Data extracted from a collection:
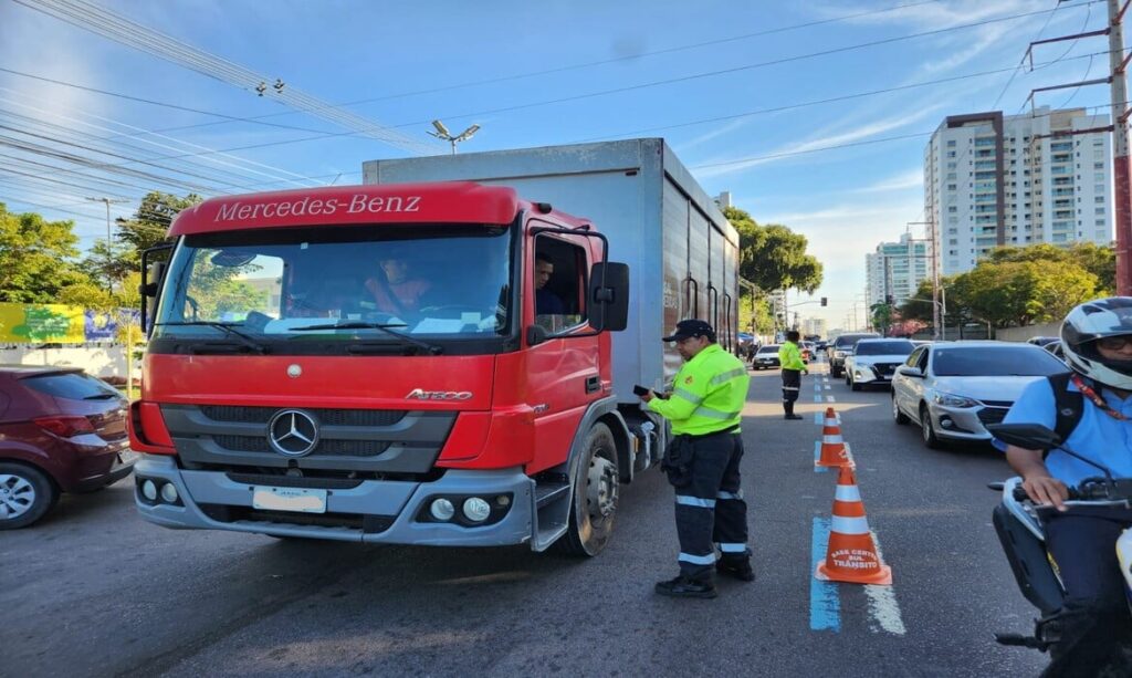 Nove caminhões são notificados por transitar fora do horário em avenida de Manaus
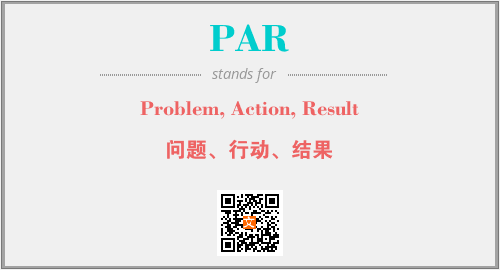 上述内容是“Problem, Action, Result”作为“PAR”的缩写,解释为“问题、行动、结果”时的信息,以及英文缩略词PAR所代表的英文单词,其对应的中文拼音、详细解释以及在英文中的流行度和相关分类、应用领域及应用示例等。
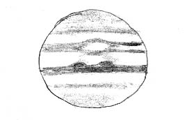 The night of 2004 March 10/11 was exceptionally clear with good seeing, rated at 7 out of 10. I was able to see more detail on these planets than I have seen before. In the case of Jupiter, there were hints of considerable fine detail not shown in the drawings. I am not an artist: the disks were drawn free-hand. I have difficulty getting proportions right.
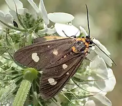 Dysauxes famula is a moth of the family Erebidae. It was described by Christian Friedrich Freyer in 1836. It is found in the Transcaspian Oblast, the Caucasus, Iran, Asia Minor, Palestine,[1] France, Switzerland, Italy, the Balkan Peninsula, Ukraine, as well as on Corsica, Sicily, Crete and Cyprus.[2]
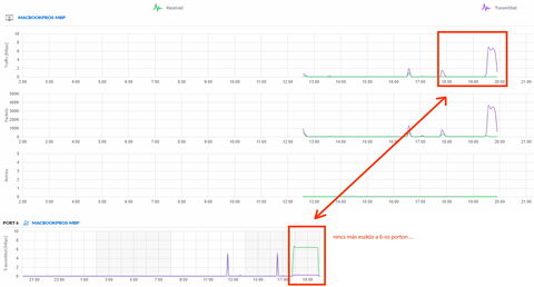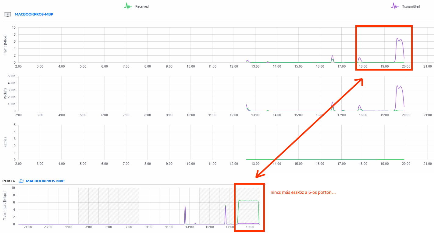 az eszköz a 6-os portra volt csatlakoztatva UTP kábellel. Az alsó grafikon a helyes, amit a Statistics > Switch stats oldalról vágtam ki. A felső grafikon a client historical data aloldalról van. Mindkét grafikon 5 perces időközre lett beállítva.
---
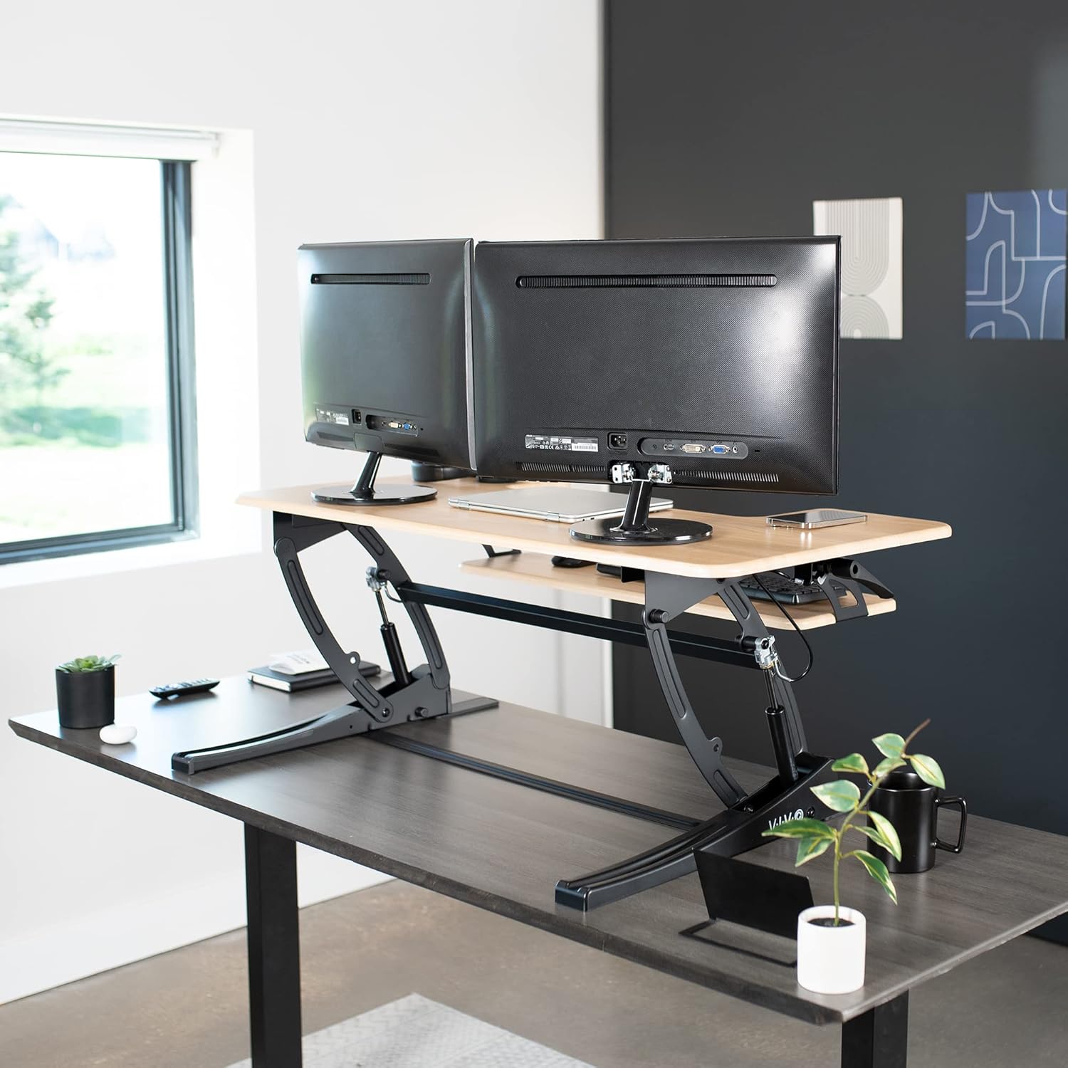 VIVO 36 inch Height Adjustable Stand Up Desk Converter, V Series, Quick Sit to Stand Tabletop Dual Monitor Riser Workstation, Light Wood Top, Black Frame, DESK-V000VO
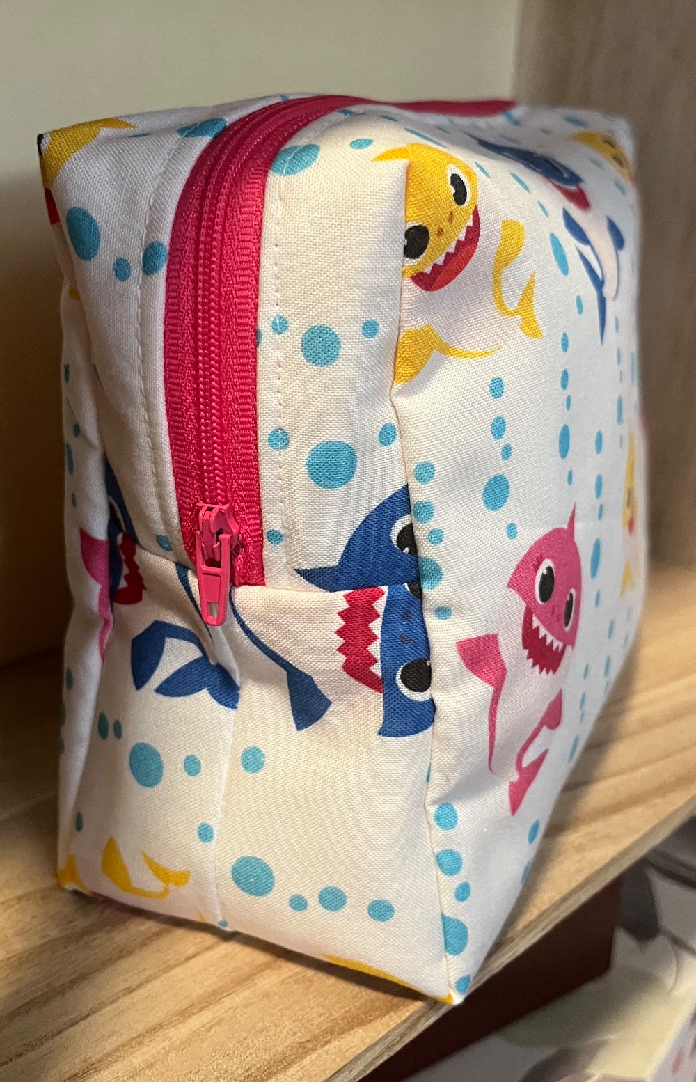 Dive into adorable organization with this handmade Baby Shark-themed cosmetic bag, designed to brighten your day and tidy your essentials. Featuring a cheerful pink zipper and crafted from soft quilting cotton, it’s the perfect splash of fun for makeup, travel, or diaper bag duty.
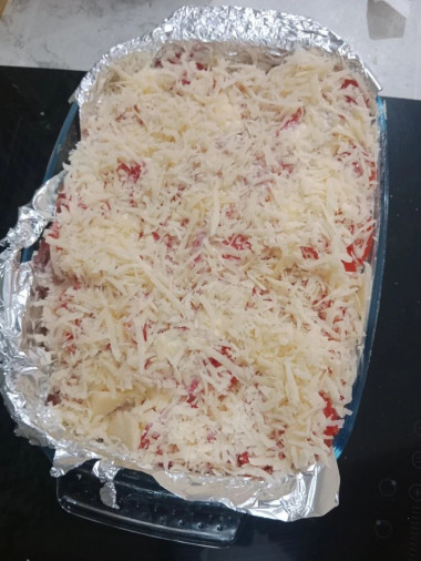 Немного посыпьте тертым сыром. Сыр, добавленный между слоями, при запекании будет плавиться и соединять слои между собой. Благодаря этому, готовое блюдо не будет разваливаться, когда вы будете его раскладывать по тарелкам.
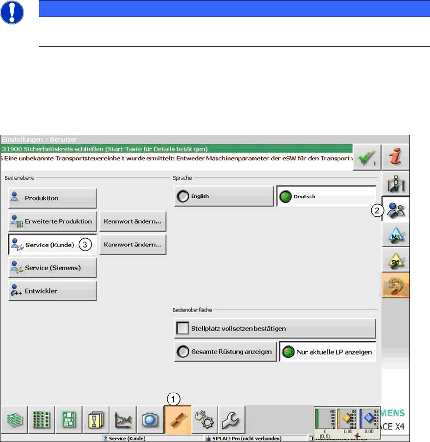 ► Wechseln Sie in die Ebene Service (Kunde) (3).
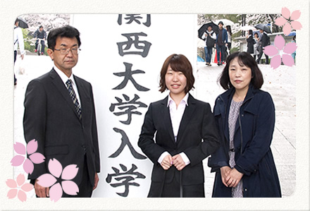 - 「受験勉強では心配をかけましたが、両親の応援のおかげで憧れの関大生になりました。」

DIRECTIONS FOR THIS TASK. Write out again exactly the lines above from the one with "Dysauxes famula is" through the one with "az eszköz a", adding no other lines and no pictures.

SOLUTION TO THIS PROBLEM.
 Dysauxes famula is a moth of the family Erebidae. It was described by Christian Friedrich Freyer in 1836. It is found in the Transcaspian Oblast, the Caucasus, Iran, Asia Minor, Palestine,[1] France, Switzerland, Italy, the Balkan Peninsula, Ukraine, as well as on Corsica, Sicily, Crete and Cyprus.[2]
 az eszköz a 6-os portra volt csatlakoztatva UTP kábellel. Az alsó grafikon a helyes, amit a Statistics > Switch stats oldalról vágtam ki. A felső grafikon a client historical data aloldalról van. Mindkét grafikon 5 perces időközre lett beállítva.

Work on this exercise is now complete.